To calculate the final AB-PRS, you need to first train a model using the training PRS and the theta-encoded genotype of selected \(\theta_{SNPs}\).
# Generate gaussian model from training data
trainABPRS <- data.frame(prs=training_prs, theta_train[,support_ABPRS])

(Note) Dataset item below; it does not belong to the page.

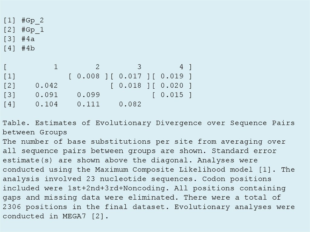 Table. Estimates of Evolutionary Divergence over Sequence Pairs

modABPRS <- glm(training_phenotype ~ ., data = trainABPRS, family="gaussian")
Then, you can apply the weights derived from the above regression model to any data you wish. In this case, we applied the weights to the testing data.
# Apply the model to generate polygenic risk scores for testing data
testABPRS <- data.frame(prs=testing_prs, theta_test[,support_ABPRS])
testing_abprs = as.matrix(testABPRS)%*%modABPRS$coefficients[-1]
Here is what the AB-PRSs for the testing data look like:
str(as.vector(testing_abprs))
#> num [1:2523] 9.15 7.17 7.97 8.57 8.93 ...
Here, we compare the pre-trained PRS and AB-PRS models for continuous traits.
model_evaluation(phenotype=testing_phenotype,
'Pre-Trained PRS' = testing_prs,
'AB-PRS' = testing_abprs,
binary = FALSE,
bin=10,
filename="Evaluation_Continuous")
#> [1] "Done"
After the model evaluation function, an html file would be produced.